Passing the input vector using a slice, as opposed to C++ iterators

C++

    template <class InputIterator>
    moments(InputIterator begin, InputIterator end)
        : median(0.0), mean(0.0), average_deviation(0.0),
          standard_deviation(0.0), variance(0.0),
          skew(0.0), kurtosis(0.0)
        {
            ...
        }

Rust

#![allow(unused)]
fn main() {
    fn new(slice: &mut [f64]) -> Moments<f64> {
        let mut m = Moments::<f64> {
            median: 0.0,
            mean: 0.0,
            average_deviation: 0.0,
            standard_deviation: 0.0,
            variance: 0.0,
            skew: 0.0,
            kurtosis: 0.0,
        };
        ...
    }
}

The C++ version passes the input vector using its begin and end iterators to the moments constructor.

In constract, the Rust version passes a mutable slice of the input vector. &mut [f64] represents a mutable slice of type f64. &mut v[..] is the syntax that takes a mutable slice of a vector v. If it were an immutable slice, the syntax would be &[f64] and &v[..], respectively.

Slices are safer than the C++ iterators in that they are bounds-checked and, being single entities, they are less error-prone, avoiding potential mistakes like mixing up iterators from different containers or passing them in a wrong order.

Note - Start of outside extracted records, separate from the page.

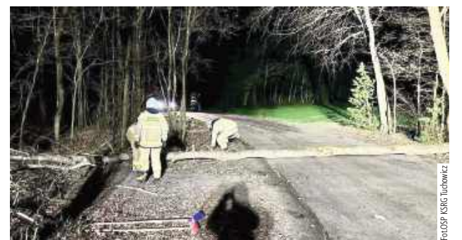
28 grudnia po godz. 18 straż została zadysponowana do pochylonego drzewa w miejscowości KIJ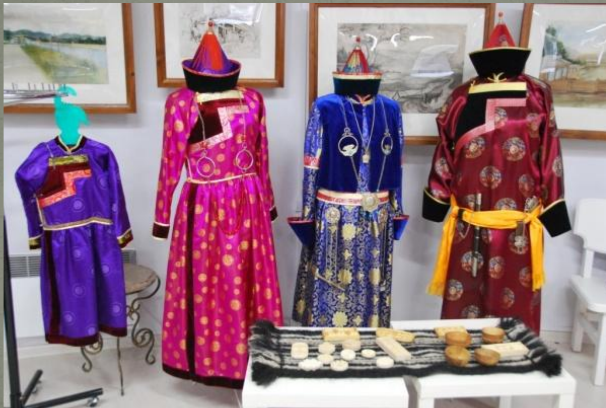
Традиционные костюмы бурят

Основу духовной культуры бурят составляет комплекс духовных ценностей, относящихся в целом к культуре монгольского этноса. В условиях, когда в течение долгих веков население Прибайкалья испытывало на себе влияние многих народов Центральной Азии, а позже и с пребыванием в составе России, в силу того, что Бурятия оказалась на стыке двух систем культуры — западно-христианской и восточно-буддийской — культура бурят как бы трансформировалась, оставаясь по виду прежней.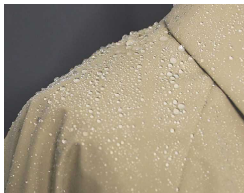
雨傘と同等の耐漏水性を実現（画像はイメージ）

トレンチコート及びステンカラーコートにおいては、50年以上コートをつくり続けてきた当社の自社工場であるコート専門工場「サノソーイング 青森ファクトリー」にて縫製しています。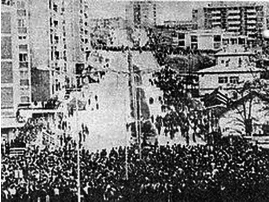
Албанске демонстрације у Приштини 1981

То је један од разлога што је СК Косова скоро излазио из опортунистичке позиције“. 87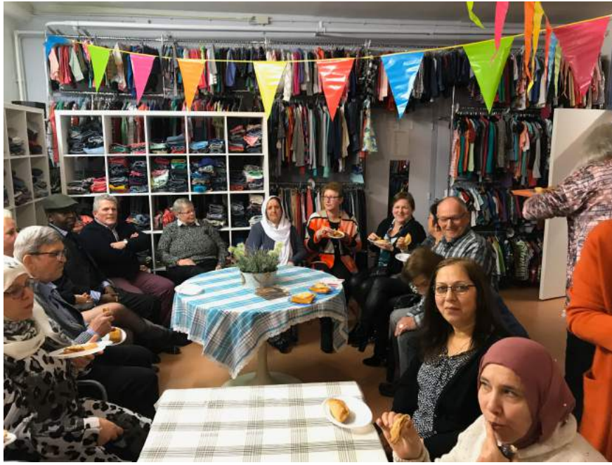
Etentje bij KLESTEO

Na de receptie hebben wij in onze eigen locatie een gezellig etentje gehouden met vrijwilligers en bestuur.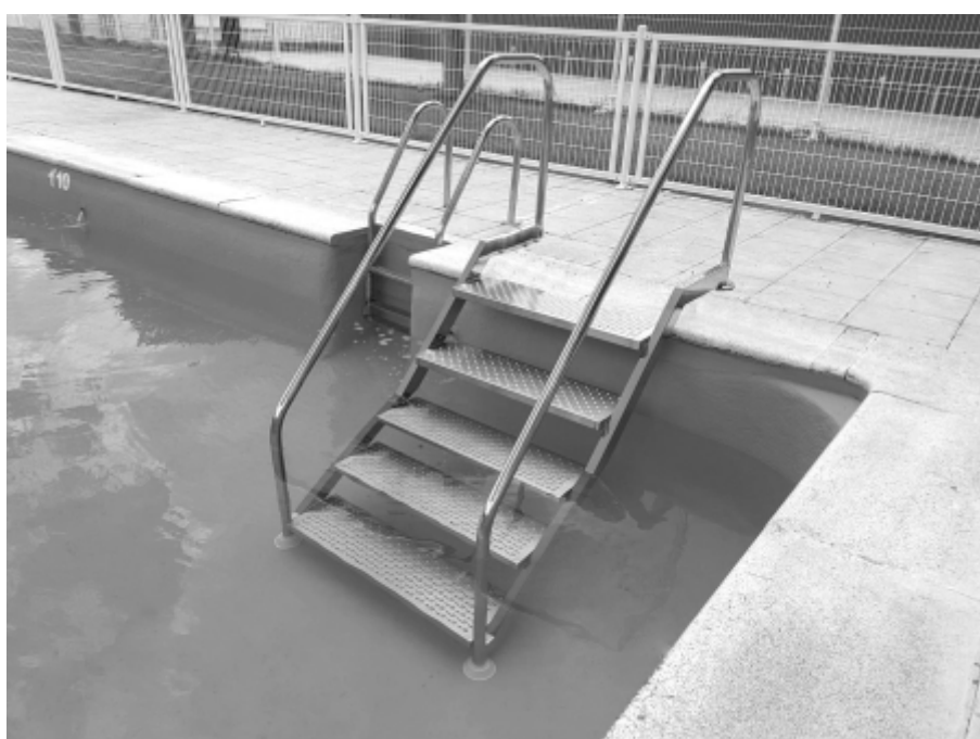
Piscinas. Acceso fácil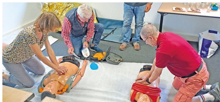
La Gazette a rencontré certains bénévoles à l'occasion d'une session de formation consacrée aux gestes de 1 er secours.

Du côté de l'Agglomération, on met notamment en avant la diversité des profils des bénévoles. « On a tout, des plus âgés, des moins âgés », souligne SQY, évoquant aussi une bonne répartition entre hommes et femmes. Le 3 juillet, une cinquantaine de bénévoles étaient encore recherchés de manière à atteindre les 550. Plus de 1100 personnes étaient initialement inscrites auprès de l'Agglomération mais les désistements et les nouveaux besoins ont amené à rouvrir un processus de recrutement. Les bénévoles de SQY tourneront autour des différents sites du territoire saint-quentinois (en plus de la gare et la fan zone). Ils bénéficieront d'un lieu de vie à la gare et au Bénévoles center. Pour postuler aux dernières places restantes, rendez-vous sur sqyjetlesjeux.fr. ■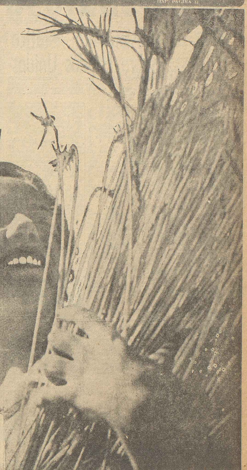
El oro de las pampas: el trigo, cuya recolección se inició hace pocos días en la zona "Rosa Fe", comenzó a ser adquirido hoy por la Junta Nacional de Granos de nuestra ciudad. El símbolo de los trigales sobre los que se cansa el viento, según la expresión de Lugones, planea hoy por sobre las cifras, también importantes, de la comercialización del grano, porque es pan, pero también es bolsa.

BAHIA, 2 (AP). — El rey Feisal expresó ante el Parla-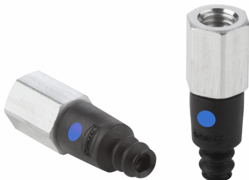
FSG 4 NBR-CO-55 M5-IG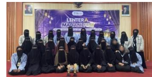
Gambar 4 .11 Aktivitas organisasi, perkuliahan, dan mengajar ngaji sebagai bentuk perubahan perilaku mahasiswa motherless dalam menghargai kehidupan, bersyukur, dan berusaha memperbaiki diri.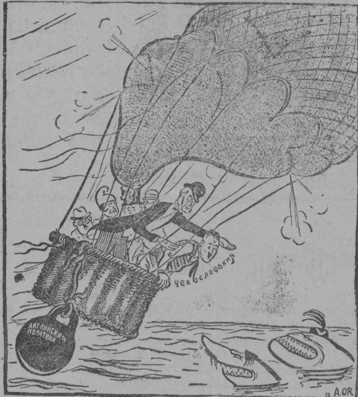
Англијскөй джентелмен: „Те-жө аған: сы өсна, медым мїјан шар вермис кутчыны воздухө, теныд колө чеччыны борт сәјө!“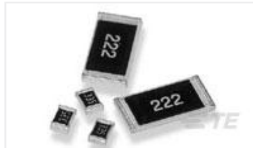
TE 产品编号4-1879499-9 CRGH2010 5% 100R 1W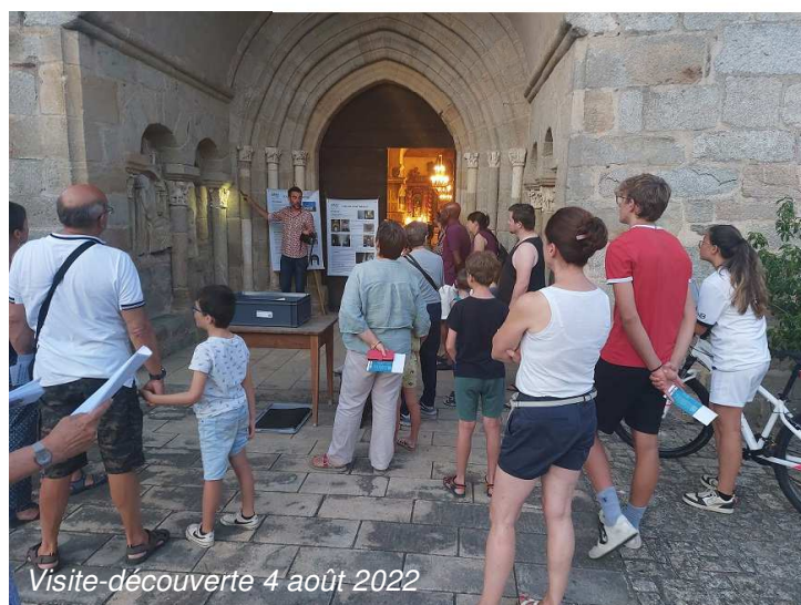
Visite-découverte 4 août 2022

The Rust version uses a slice instead of an iterator because the select_nth_unstable_by method that is used to implement the C++ std::nth_element below is available for a slice but not for an iterator.

Explicitly converting types

C++

            mean = sum / N;

Rust

#![allow(unused)]
fn main() {
        m.mean = sum / (n as f64);
}

In the C++ version, the division implicit converts the N of type size_t to double.

In Rust, implicit conversions are not supported for safety reasons and types need to be explicitly converted. The Rust version uses the as operator as in (n as f64) to convert from usize to f64.

Implementing `std::nth_element` with `select_nth_unstable_by`, multiple return values as a tuple, explicitly handling 64-bit floating point not having a total order

C++

            InputIterator mid = begin+N/2;
            nth_element(begin, mid, end);

Rust

#![allow(unused)]
fn main() {
        let (before, mid, _after) =
            slice.select_nth_unstable_by(n / 2,
                                         |a, b| a.partial_cmp(b).unwrap());
}

The C++ version uses the std::nth_element function to find the median value.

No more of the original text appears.